We were in the sitting room of the late, and probably soon-to-be-lamented, Freddie Burkinshaw’s tower when Bud turned to face me, his expression serious. “Cait, stop it. This is some poor guy who chose to take his own life. It just so happens he chose to do it when we were renting the bungalows on his estate. You heard what Amelia said – there was only one key to that tower room, and he had it. He’s obviously locked himself in there and shot himself. We both saw the gun. That’s the only explanation that makes any sense of the facts.”
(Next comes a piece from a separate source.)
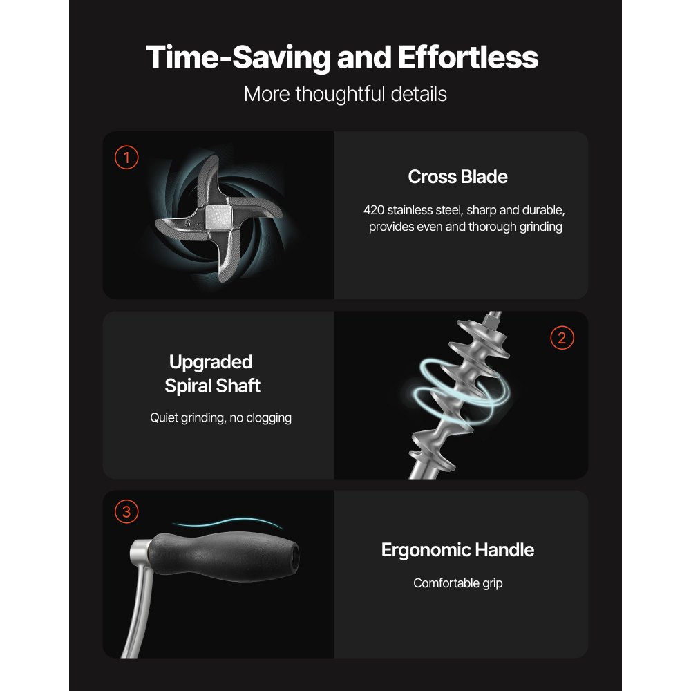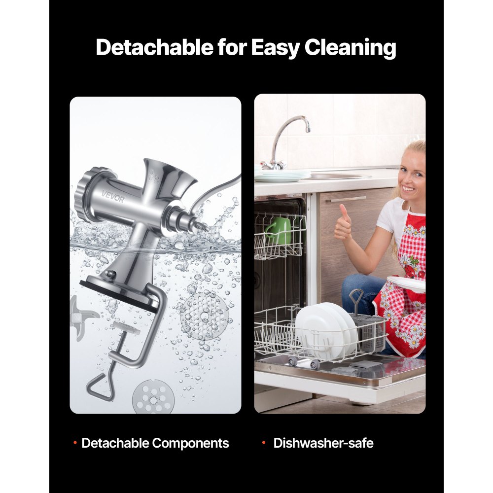 Una picadora de carne, usos infinitos: La picadora de carne manual multifuncional VEVOR permite moler fácilmente verduras y carne para hacer albóndigas, galletas, salchichas y más. También viene con placas de corte de 5 mm y 8 mm, 1 cuchilla transversal de corte, 1 tubo para salchichas de acero inoxidable, 1 accesorio para galletas, 1 cabezal para moler y varilla empujadora de carne, que satisfacen las diversas necesidades de diferentes creaciones culinarias.

I allowed my mind to wander, then focus. I stepped closer to the window and managed to catch a slight breeze, which was a relief. The view was fabulous – the never-ending turquoise sea peeping through the palm trees, with a sideways view to the estate’s lush gardens, and the glorious beaches beyond. It was the sort of view that would make a person happy.
I didn’t turn around as I spoke. “Well, for one thing we don’t know for certain that Freddie had the key with him, in that room. It’s equally plausible that he was up there with someone else, they killed him, took the key and locked the door behind them, taking the key when they left.”
Bud’s chin rested on my shoulder, and he snuggled my back as he replied, “But why on earth would anyone want to kill Freddie Burkinshaw? I mean, I know the guy was more than a little eccentric, but he’s – what – eighty-ish, perfectly harmless, and the way he told it he hadn’t left the island since he arrived in the 1960s. So why on earth would anyone want to kill him?”